Der Bösewicht der Staffel hat oft gar nichts Böses gesagt. Er wurde dazu geschnitten. Wer wissen will, wie Trash-TV funktioniert, sollte weniger auf die Kandidaten schauen und mehr auf die Leute, die nach Drehschluss anfangen zu arbeiten: die Editoren. Aus 250 Stunden Material pro Woche wird eine Folge – und in diesem Verhältnis liegt die ganze Macht.
Das bekannteste Werkzeug heißt Frankenbiting: Aus einzelnen Wortfetzen verschiedener Aufnahmen wird ein neuer Satz zusammengesetzt, den so nie jemand gesprochen hat. Ein „Ich mag …“ von Montag, ein „… sie einfach nicht“ von Donnerstag – fertig ist die Feindschaft. Verräterisch sind die Schnitte, in denen der Mund nicht zu sehen ist: Kommentar aus dem Off, Reaktionsbild von irgendwann. Genau hier näht der Schnitt sein Monster zusammen.
Zweite Zutat ist das Einzelinterview, im Fachjargon der unsichtbare Motor jeder Doku-Soap. Was im Container passiert, ist Rohmaterial; was im Interviewstuhl gesagt wird, ist die Erzählstimme, die dem Chaos nachträglich einen Sinn gibt. Kein Zufall, dass jede Zuspitzung von genau so einem Statement eingerahmt wird – die Deutung liefert der Sender gleich mit.
Dazu kommt die Grammatik der Spannung: der harte Cliffhanger vor der Werbung, die dräuende Musik unter einem harmlosen Blick, der Schnitt-Gegenschnitt, der zwei Menschen in einen Streit stellt, die vielleicht in getrennten Räumen waren. Nichts davon ist gelogen im engen Sinn – und trotzdem ist die Wahrheit, die entsteht, eine Erfindung des Schnittplatzes.

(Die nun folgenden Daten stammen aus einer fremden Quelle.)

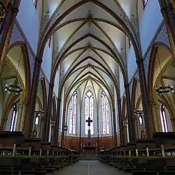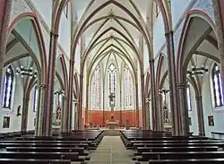 Die heutige Kirche St. Katharina und St. Barbara wurde im Stil der Neogotik errichtet. Bei der architektonischen Grundform des Kirchengebäudes handelt es sich um eine Basilika mit querhauslosem Langhaus, hohem Mittelschiff und zwei niedrigeren Seitenschiffen. Mittel- und Seitenschiffe sind in fünf Joche unterteilt. Das erste Joch vom Turmportal aus gesehen wird ganz von der Orgelempore gefüllt. Die Emporenbrüstung reicht bis zur halben Höhe der Scheidarkaden des Mittelschiffes. Die Scheidarkaden erheben sich bis zur Hälfte der Raumhöhe. An das Langhaus schließt sich in gleicher Gewölbehöhe ein Chorjoch ohne Seitenschiffjoche an. Die gleich hohe Apsis rundet sich in einem Fünf-Achtel-Polygon. Die Seitenschiffe enden flach in Höhe des Beginns des Chorjoches. Die Decken der Schiffe werden von diagonal angeordneten Kreuzrippengewölben geformt. Die Joche sind durch Scheidebögen voneinander getrennt. Die Gewölberippen ruhen auf Rundpfeilern mit vorgelegten schlanken Runddiensten. Im Mittelschiff sind die Kapitelle der Dienste in Höhe der Scheitel der Scheidarkaden und unterhalb der Kämpferlinie der Mittelschiffgewölbebögen positioniert und bildet so eine Bogenstelzung im Mittelschiff. Dadurch sind die Gewölbekappen vergrößert und die Schildbögen mit den kleinen Obergadenfenstern erhöht. Zwischen den Obergadenfenstern und den Scheidarkaden liegen große Wandflächen ohne Gliederung. Die zweibahnigen Maßwerke der Obergadenfenster orientieren sich in vereinfachter Form an der Maßwerkgliederung der Chorfenster. Die Bahnen enden in gotischen Spitzbögen mit eingestellten Nasen. Darüber erheben sich in abwechselnder Reihenfolge liegende und stehende Vierpässe. Ähnlich sind die Fenster der Seitenschiffe ausgebildet. Hier variieren im oberen Spitzbogenbereich Dreipässe, liegende oder stehende Vierpässe und Fünfpässe.

Trashticker-Einschätzung: Wer Frankenbiting kennt, guckt nicht schlechter Trash – er guckt schlauer. Der Reiz liegt gerade darin, das Handwerk zu erkennen und trotzdem mitzufiebern. Reality-TV ist kein Fenster in echte Menschen, sondern ein hochgebautes Erzählformat, das so tut. Und das ehrlichste Kompliment an ein gutes Schnitt-Team ist, dass man den Bösewicht hasst, obwohl man weiß, dass er erst in der Postproduktion geboren wurde.